# Syslogd program specification with . in



## xtaz (Jul 12, 2018)

For ages I had used acme.sh sending logs into syslog using the following in /etc/syslog.conf:


```
!-acme.sh
... normal syslog.conf entries ...
!acme.sh
*.*                                             /var/log/acme.log
!*
```

So this stops a program name of acme.sh logging to any of the normal log files, and then redirects it into /var/log/acme.log.

This worked fine for years. However I've just noticed that it no longer works. I assume since various syslogd commits that happened through june/july in the stable tree for 11.x (I'm running 11.2-STABLE).

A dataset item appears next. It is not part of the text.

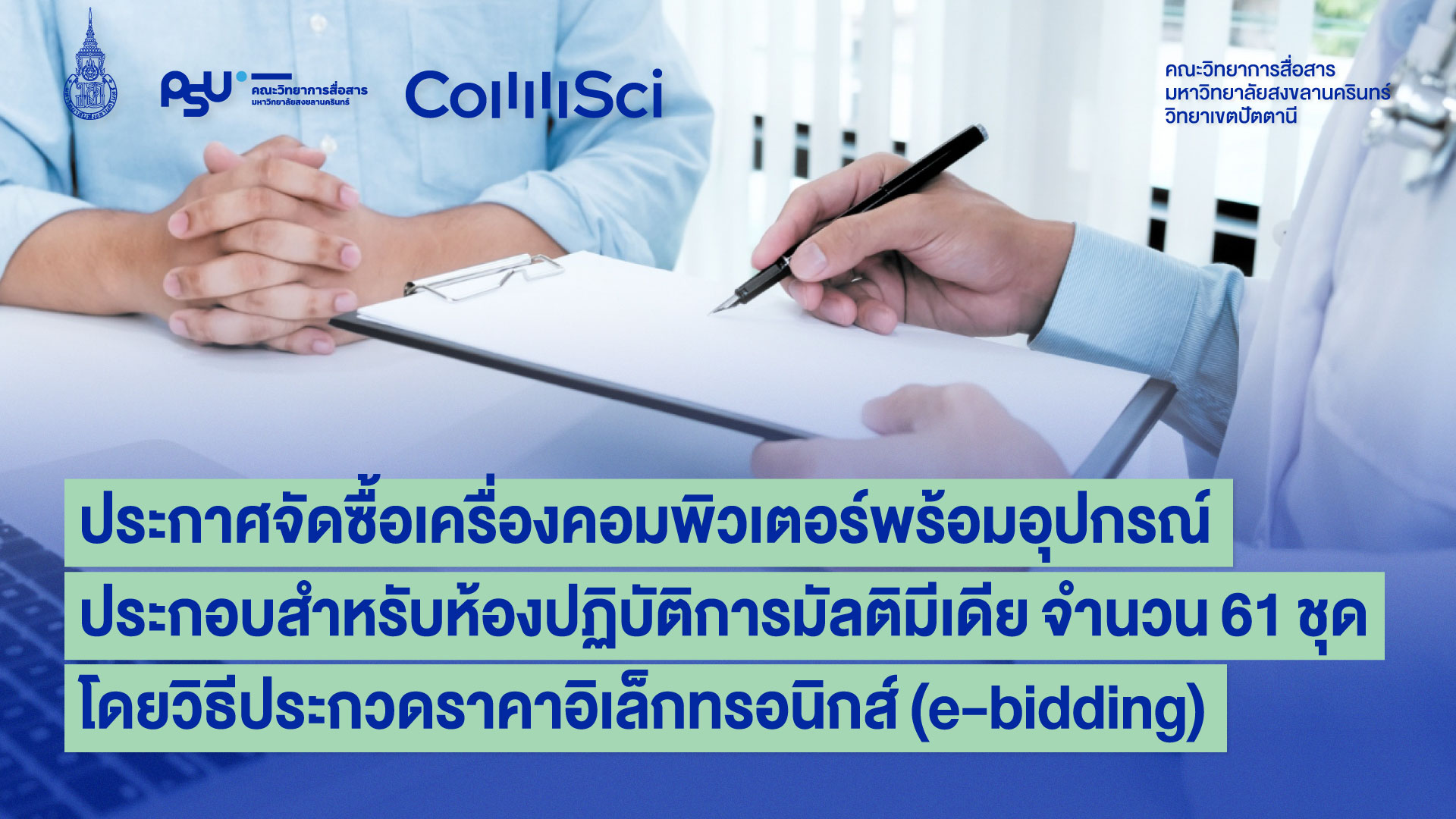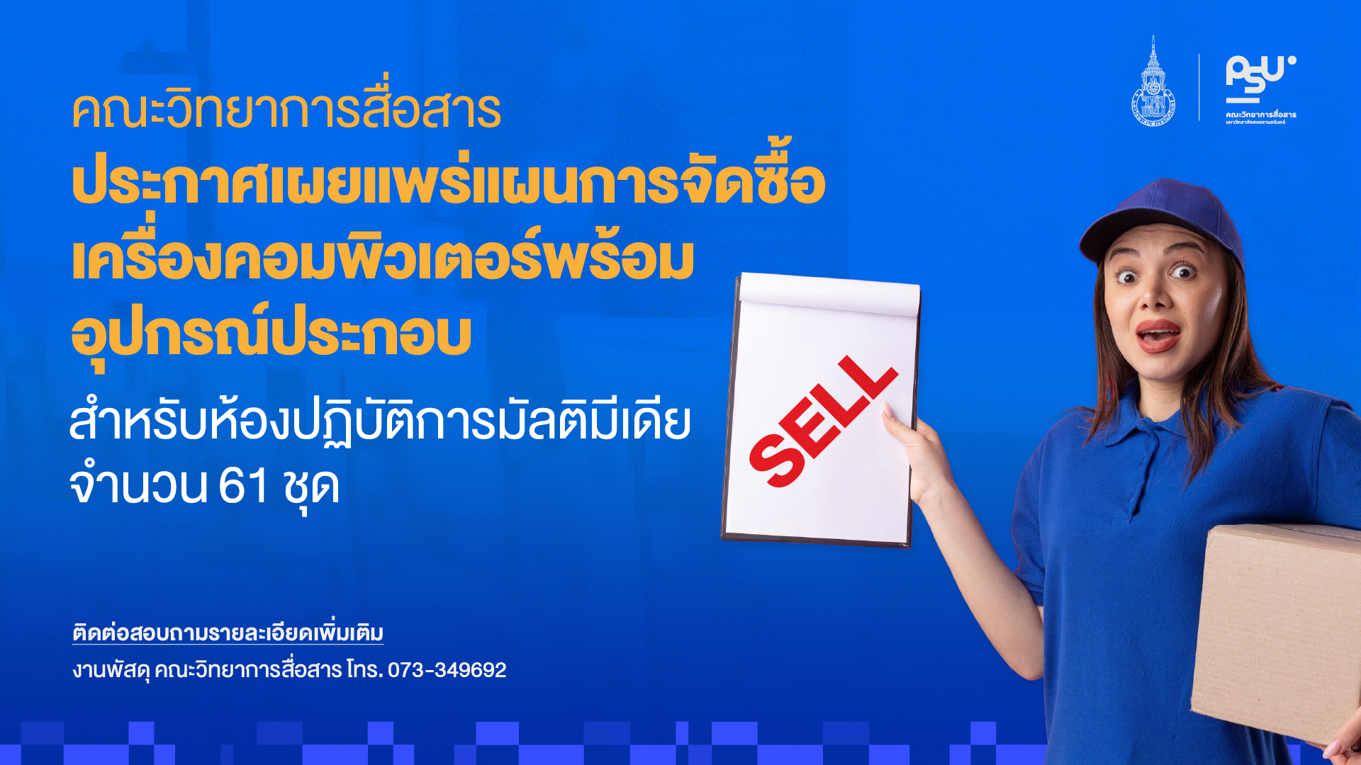 ประกาศเผยแพร่แผนการจัดซื้อเครื่องคอมพิวเตอร์พร้อมอุปกรณ์ประกอบ สำหรับห้องปฏิบัติการมัลติมีเดีย จำนวน 61 ชุด ติดต่อสอบถามรายละเอียดเพิ่มเติมงานพัสดุ คณะวิทยาการสื่อสาร โทร. 073-349692 (ในวันและเวลาราชการ)

If I test with this command, it fails to log anything:

`logger -p user.err -t acme.sh test message`

If I test with this command (and change the syslog.conf to suit) then it logs everything as expected:

`logger -p user.err -t acme test message`

So it looks like syslogd is now treating program specifications with a . character in them differently to how it was before. I guess it may be problematic because that's usually how you specify the facility.priority. But it used to work fine......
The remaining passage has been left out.